GoodChat · 12/04/2023 07:00

Do they have kids together? Why did their relationship end?

SMARTIN1992 · 27/04/2023 11:34

My husband is still friends with his ex girlfriend and her partner. They dated each other 10 years ago for a few months. We got married last year and my husbands invited them to our wedding. I felt uncomfortable with the situation but went along with it because I didn’t want to upset him or appear difficult. Anyway, 6 months later my husband has been invited to their wedding but I haven’t. My husband is going without me and I feel annoyed. Is that wrong?

Watchkeys · 27/04/2023 15:57

What would you do if you thought that your boyfriend may possibly still love his ex - wife

Leave. I wouldn't live with that feeling, whether I was right or wrong. It doesn't concern people in healthy relationships.

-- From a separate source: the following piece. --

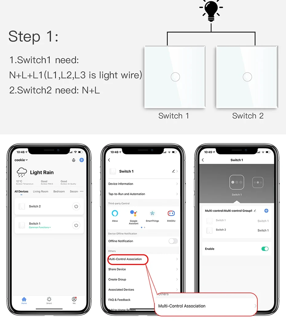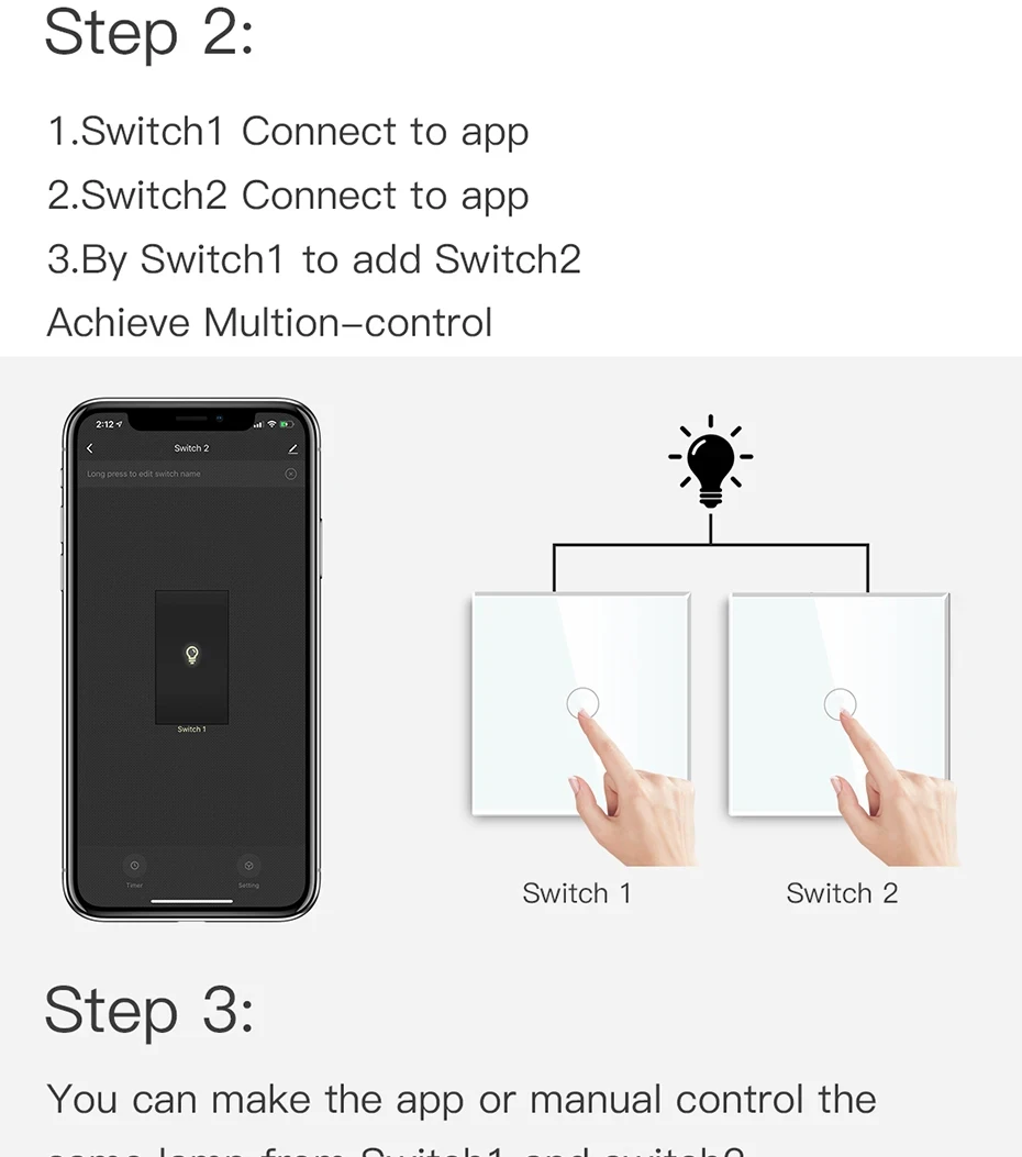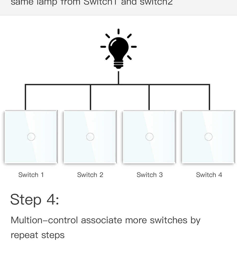 R:Wifi Switch solo puede funcionar con un interruptor wifi para controlar la misma luz, por lo que debe comprar al menos 2 unidades. El máximo de control múltiple es de 4 vías.

Tizzle23 · 16/11/2023 22:53

Right so me and this man at work have been getting closer and closer since he came onto days this summer to the point of we won't walk past me without poking me or flirting comes find me all the time just for chats lovely guy. Lots of stuff went around work cos we were so close and clearing getting close. To the point if management wouldn't put us on a unit together just incaseThen my best work mate then splits up with her b/f very emotional about it all has a break down at workPhones said guy to get some weed as she knows he knows ppl that deal it they end up meeting in grave yard at night to collect weed apparently and put the world to rights she tells me all of the above the next day via msg and says if I want her to stop she will aa its bas for girl code and do I like him os she has always thought there has been a spark there.I say I can't stop u talking to him cos his a single guy. Well today work his really awful his now flirting with her and so is she there always together basically I think something more went on in grave yard. His talking to me but not flirting at all. Am I right in being slightly annoyed by this? It was quiet there was a spark there but my best work mate has taken all that away?I say I can't stop u talking to him cos his a single guy. Well today work his really awful his now flirting with her and so is she there always together basically I think something more went on in grave yard. His talking to me but not flirting at all. Am I right in being slightly annoyed by this? It was quiet clear was a spark there but my best work mate has taken all that away?